Working through the entries below, find how many lines include "gegen", then write only that number.

> _Supplied records_:

↓

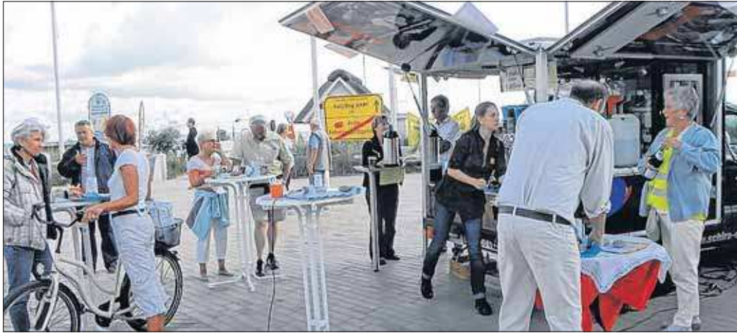
Hunderte Menschen haben sich schon am Infomobil der Allianz gegen die feste Fehmarnbelt-Querung über die Auswirkungen des Baus und der Hinterlandanbindung informiert.

SCHARBEUTZ. Auf der Tour durch die betroffenen Orte der Schienenhinterlandanbindung zur festen Fehmarnbelt-Querung hat das Infomobil der Allianz gegen die feste Fehmarnbelt-Querung in Scharbeutz und Haffkrug Halt gemacht.
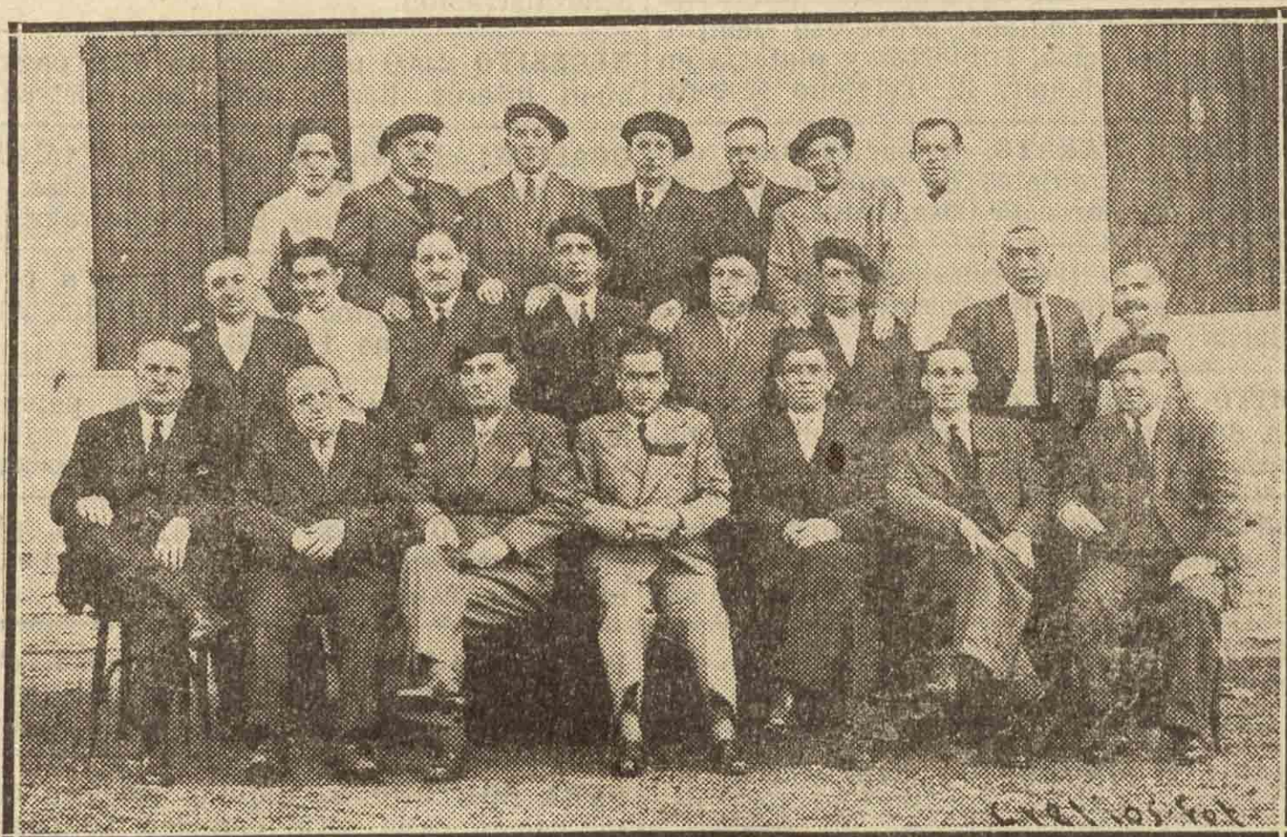
Estos simpáticos "irundarras", adoptivos y por derecho, se reunieron días pasados en banquete para festejar el quinto aniversario de la fundación de la Sociedad de "Belarrimochas"
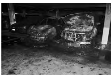
Autobrand in einer Tiefgarage in Opfikon.

Autos enthalten grosse Mengen an brennbaren Stoffen wie z.B. Kunststoffe, Gummi, Treibstoff, entzündbare/schmelzende Metalle usw. Nebst der extrem grossen Hitze, die
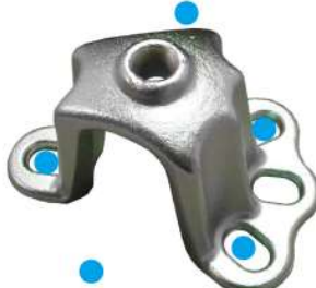
609 (アクスルプーラー)

↑

> _Result of the task_: 2